Simply put, my standards for judging  pizza quality are absurdly high — to the point where  personal, cultural, and ethnic issues are all in play. Not to mention the memory of my late, dearly departed mother. The worst thing you can do, if you are sharing a pizza with me, is to ask what I think about it. You will get a lengthy, dramatic monologue, with footnotes. And digressions, too! Wild gesticulations might also be possible. After all, I might need to empatically prove a point. Your non-spoken response might be,:”This guy is a bit loony.” You wouldn’t be that far from the truth. We are only talking about pizza after all.

And even despite all of this personal baggage, I can say I have eaten some of the best pizza in Changzhou, recently. For me, it also came from a surprising place: Istanbul Restaurant. I only have a passing knowledge of Turkish cuisine. Sure, I have eaten my share of Donor Kebabs and hummus, but I never knew the country had it’s own, unique heritage when it comes to pizza.

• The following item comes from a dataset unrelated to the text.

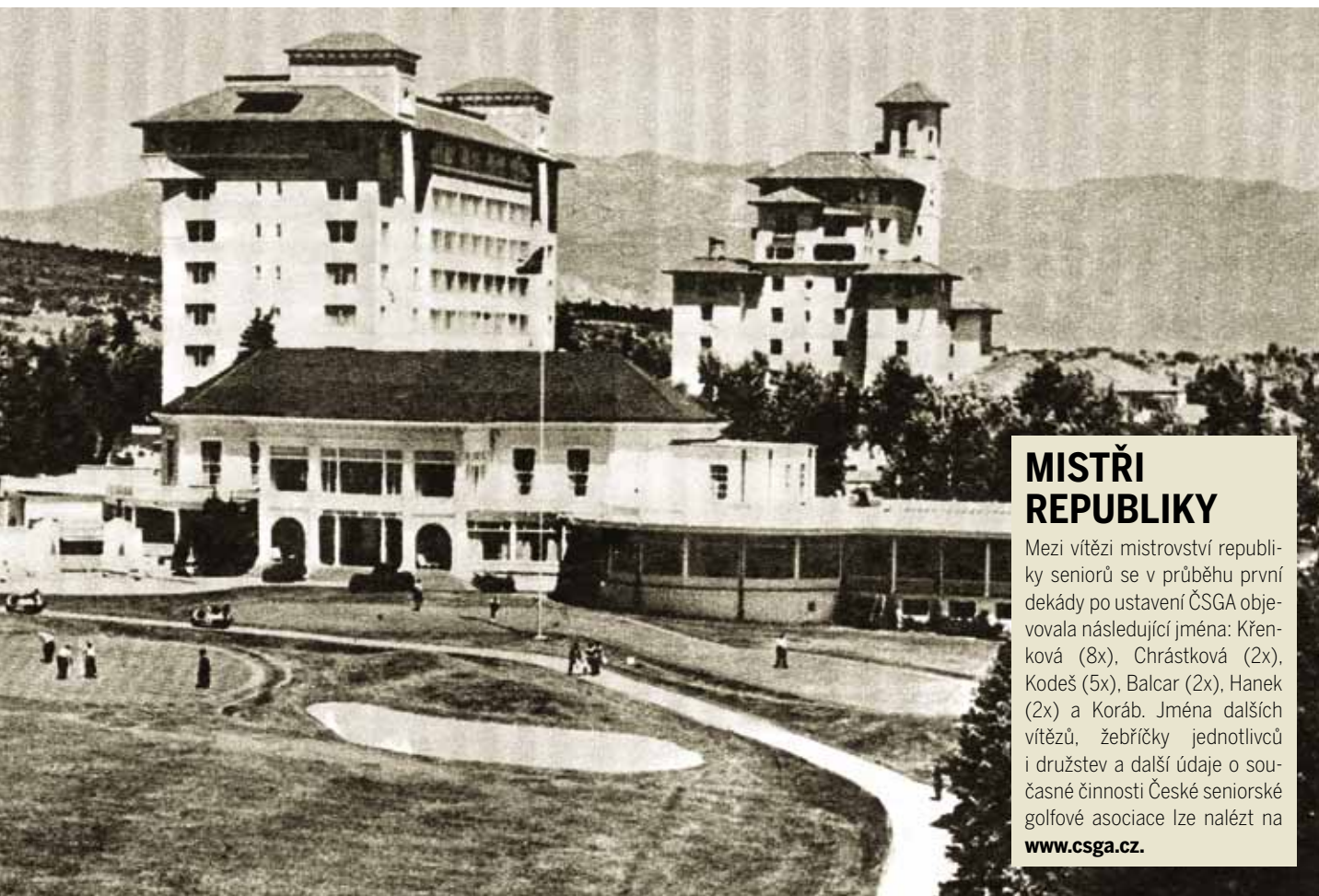
Klubovna u hotelu Broadmoore v Colorado Springs, v popředí green č. 15

So, Istanbul Restuarant’s pizza doesn’t share the circular shape of it’s Italian and Italian-American. You could say it’s in the shape of an eye, but one were the eyeball is yellow and filled with chunks of meat. Let’s set the surreality of that one side for a moment. The crust is thin, which is a relief. Most of the pizza you can find in China tends to be thick. And for a guy from Jersey, that’s just bad. Very  bad. Pizza should not taste like bread with pizza toppings on it. The greatest thing though, is the beef donor kebab toppings.  That was a first for me, and while the thought sounded alien at first. Actually eating it on a pizza seemed like an absolute no-brainer after the initial first bite.

And so it comes to this: Istanbul Restaurant simply makes pizza you just cannot find anywhere else in Changzhou.